By ERIN ROLL
roll@montclairlocal.news

Hot dogs and soda don’t belong in schools, says one healthy-food advocate, who criticized the board of education at its Sept. 18 meeting for what he sees as a lack of effort in encouraging nutritious eating and providing healthy food in the school cafeterias.

“Having sodas and hot dogs and nitrates and sweeteners will not produce highly academic kids,” Abraham Dickerson said during the meeting. “How come the leaders in this town do not feel it’s imperative for our kids to eat pure, clean food, like they do in restaurants?”

Dickerson is the owner and chef of Abe Foods and has routinely spoken out at school board meetings on food and nutrition-related issues.
He was especially critical of how there appeared to be vending machines on school property selling sodas and sugary drinks.

In response to his comments, members of the BOE pointed to a vending machine in the cafeteria of the George Inness Annex, where school board meetings are usually held. The vending machine was empty, but later in the week, Dickerson told the Montclair Local that there were in fact vending machines on school property, including the Montclair High School cafeteria, that have sodas in them.

During the meeting, BOE President Laura Hertzog told Dickerson and the audience that the district was looking into the matter.

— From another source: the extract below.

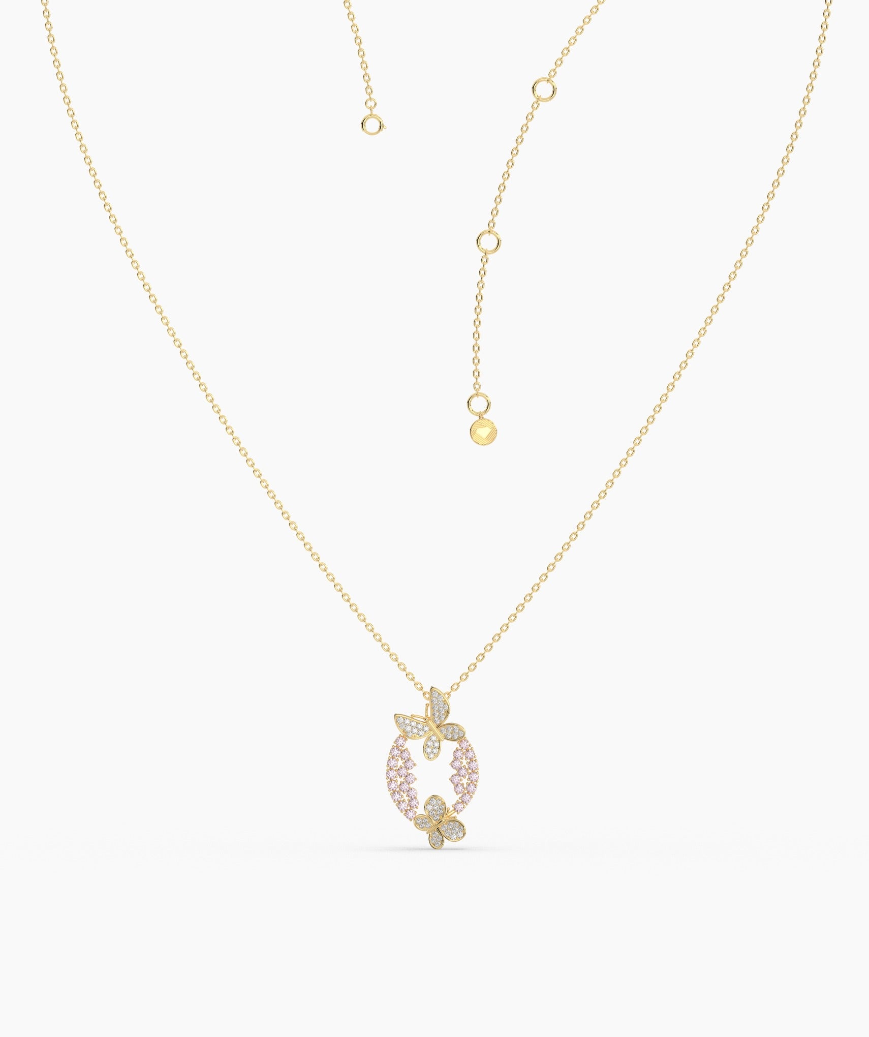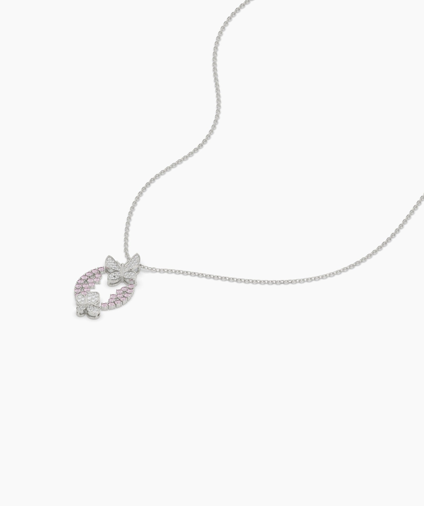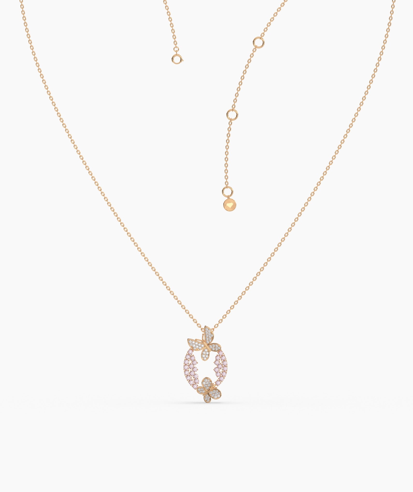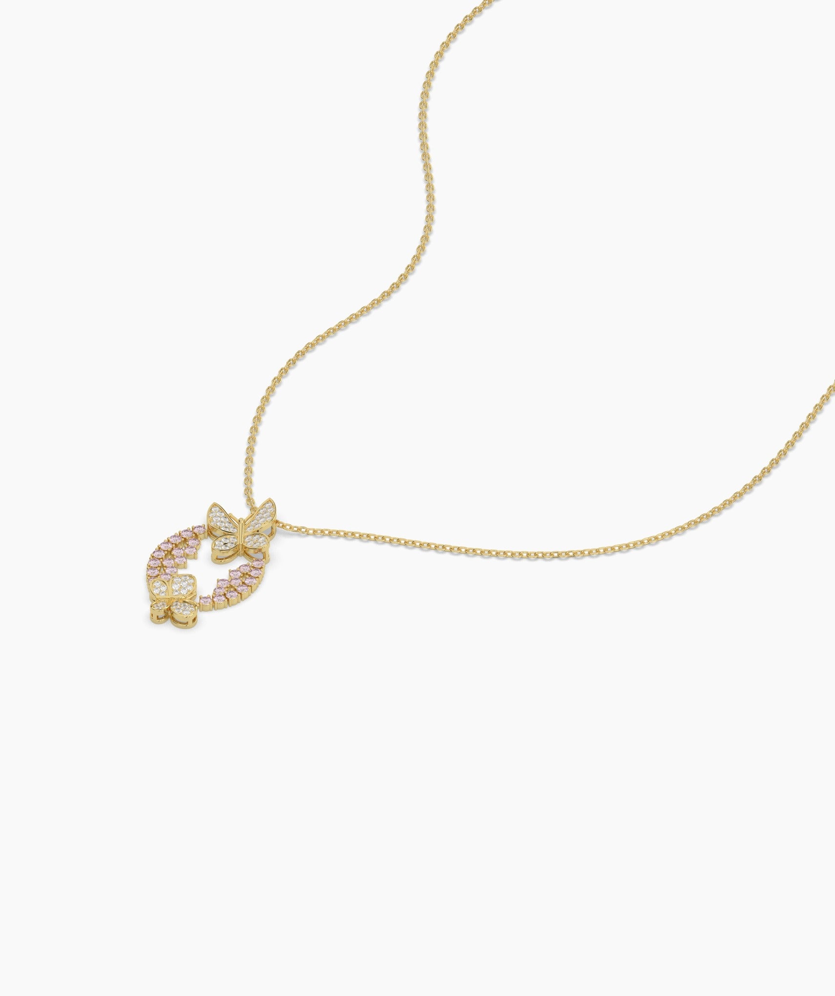 Celebrate nature's beauty with this exquisite butterfly wreath pendant, crafted in gold and adorned with pink and white gemstones.
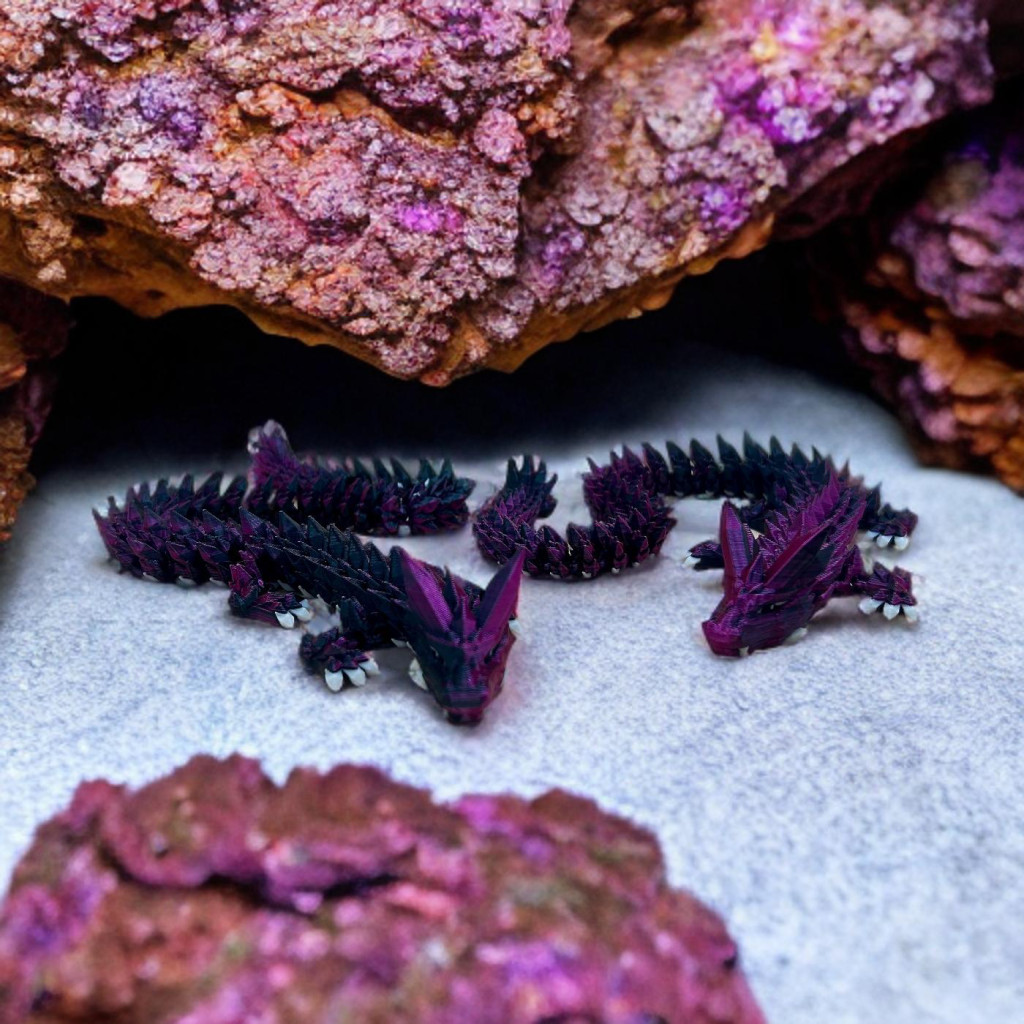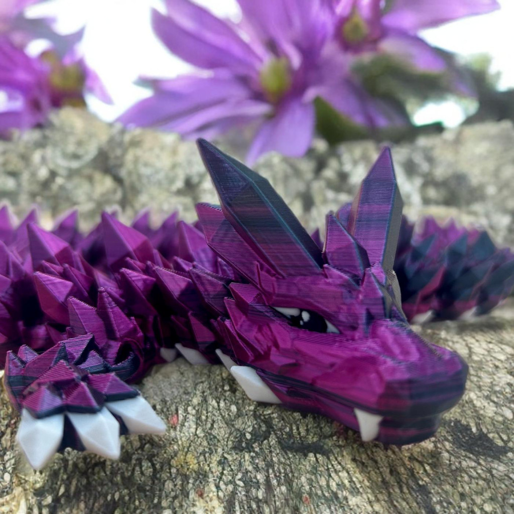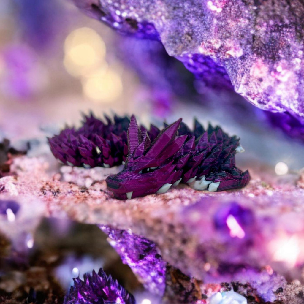 Ez a 3D nyomtatott kristálysárkány valódi látványelem: a gyöngyházfényű lila és mély fekete árnyalatok minden fényben másként csillannak meg, mintha a sárkány saját varázsereje kelne életre.

Interim Superintendent Barbara Pinsak said on Sept. 20, a few days after the meeting, “We have a tentative understanding of the issue but do not want to respond until we are absolutely certain of our facts.”

Over the past decade, school districts have begun eliminating sodas and other sugary drinks from on-campus vending machines, due to concerns about childhood and adolescent obesity.

The 2014 federal Smart Snacks for Schools standards, which apply to foods sold in vending machines and in other school settings, require all foods and beverages to meet nutrition standards.

The Smart Snacks standards for beverages allow for water, milk, juice and diluted juice to be sold at all school levels, and for low- and no-calorie beverages to be served in high schools.

The New Jersey Department of Agriculture restricts or discourages schools from serving “foods of minimal nutritional value” or providing them for sale on school property during school hours, according to the state’s Model School Nutrition Policy. “Foods of minimal nutritional value are virtually ‘empty calorie’ foods and would not meet any of our other standards in the policy. They include soda, water ices, chewing gum and certain types of candy,” the policy states.

The district has not provided information on who manages the vending machines or decides what to stock them with.

“There needs to be will. There needs to be will on nutrition,” Dickerson said after the Sept. 18 meeting.

On Sept. 19, the district posted on its website a new set of guidelines for the serving of any food that isn’t part of the official food service program.

The guidelines include when food may be sold for fundraising purposes, what foods may be used for instructional material, such as during science labs and home economics, and restrictions on food being served in the classrooms. For example, food is not allowed for in-class birthday parties, but food served in the classrooms or at all-school festivities must be free of tree nuts and peanuts.